Des caméras intelligentes vont surveiller nos supermarchés : l'Assemblée nationale a voté, lundi, pour une expérimentation de la vidéosurveillance algorithmique dans les commerces, valable jusqu'à fin 2027.

L'Assemblée nationale autorise les caméras à intelligence artificielle dans les supermarchés pour lutter contre le vol à l'étalage. © as-artmedia / Shutterstock
L'Assemblée nationale autorise les caméras à intelligence artificielle dans les supermarchés pour lutter contre le vol à l'étalage. © as-artmedia / Shutterstock

La France vient officiellement d'ouvrir la porte à l'intelligence artificielle anti-vol dans les commerces du pays. La loi « visant à encadrer l’utilisation par les commerçants d’outils d’analyse vidéo automatique pour lutter contre le vol », portée par le député Rennaissance Paul Midy, a été assez largement adoptée le lundi 16 février à l'Assemblée nationale, même si le texte fait bondir la gauche. Cette loi autorise des algorithmes à analyser en temps réel les images de vidéosurveillance pour détecter des comportements suspects.

Une loi qui vient en soutien des commerçants frappés par le vol à l'étalage

Derrière le texte dont la première version fut déposée il y a près d'un an, il y a d'abord une réalité économique difficile à ignorer. Le vol à l'étalage représenterait jusqu'à 4% des ventes annuelles de certains commerces, alors que leurs marges nettes plafonnent en moyenne à 2% du chiffre d'affaires. Beaucoup travaillent à perte à cause des chapardeurs. Paul Midy, l'élu de l'Essonne à l'origine de la proposition, a déjà répété qu'un vol de 20 euros, quatre fois par semaine, revient à plus de 4 000 euros envolés par an.

L'idée de la proposition de loi est donc d'autoriser les caméras déjà en place dans les commerces à être couplées à un algorithme capable de repérer des comportements suspects en temps réel, comme un produit glissé discrètement dans une poche, des regards furtifs, et d'envoyer une alerte au commerçant. Lui seul décide ensuite quoi faire. L'algorithme signale, il n'accuse pas, et ne peut en aucun cas « fonder par lui-même aucun acte de poursuite », comme le précise le texte de loi. Néanmoins, il peut en être à l'origine.

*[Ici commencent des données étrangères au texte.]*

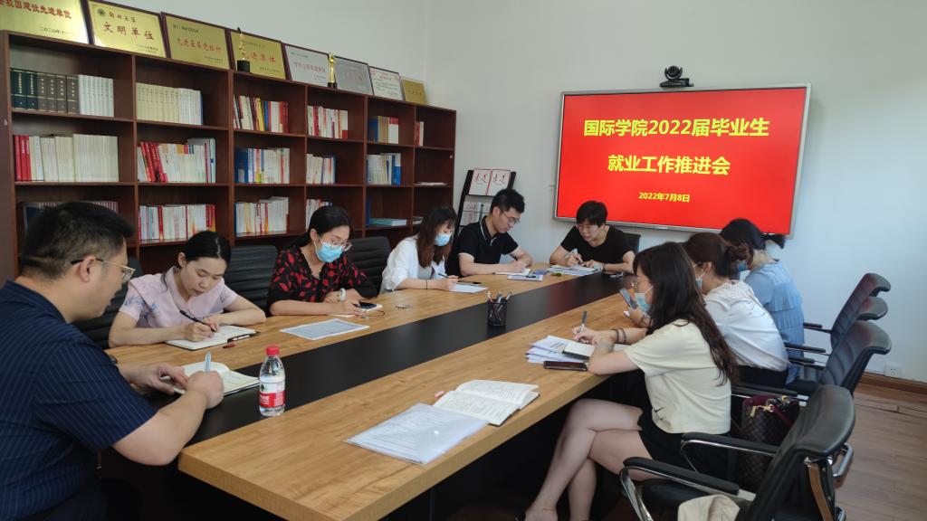 图1.国际学院2022届毕业生就业工作推进会议现场

Ce qui est presque cocasse dans cette histoire, c'est que la technologie existait déjà sur le terrain. Entre 2 000 et 3 000 commerces l'utilisaient selon Paul Midy, sans aucun cadre légal, au grand dam de la CNIL. Certains commerçants ont effectivement pu économiser des milliers d'euros de marchandises, grâce à elle. La loi ne fait donc pas naître une pratique, mais elle tente de rattraper une réalité qui avait pris de l'avance sur le législateur, qui débat sur la question de la vidéosurveillance intelligente depuis de longs mois, même depuis les Jeux de Paris.

La reconnaissance faciale et l'identification biométrique seront interdites

Le texte a été adopté par 60 voix contre 13, avec le soutien de Renaissance, LR, Horizons et du Rassemblement national, et l'abstention du MoDem. À gauche, la pilule ne passe pas. Les socialistes, d'accord pour reconnaître qu'il faut protéger les commerçants, ne veulent pas le faire en méconnaissance des libertés fondamentales. Chez La France insoumise, on évoque un « cauchemar ».

Pour essayer de contenir les craintes, la loi fixe des interdictions explicites. Pas de reconnaissance faciale, pas d'identification biométrique, et les images filmées ne peuvent en aucun cas être réutilisées pour entraîner d'autres algorithmes ou croisées avec des bases de données extérieures. Un être humain doit rester maître du système à tout moment. En somme, l'IA assiste, elle ne décide pas. Il faudra tout de même rester attentif sur les risques de réutilisation de données pour une visée commerciale ou publicitaire.

Le texte doit maintenant franchir l'étape du Sénat. Si les délais s'éternisent, Paul Midy envisage de l'intégrer par amendement dans un futur projet de loi sur la sécurité du quotidien. L'expérimentation court jusqu'à fin 2027, date choisie pour coïncider avec une autre expérimentation de vidéosurveillance algorithmique liée cette fois aux Jeux d'hiver de 2030, qui auront lieu dans les Alpes françaises, si ses organisateurs parviennent enfin à s'entendre.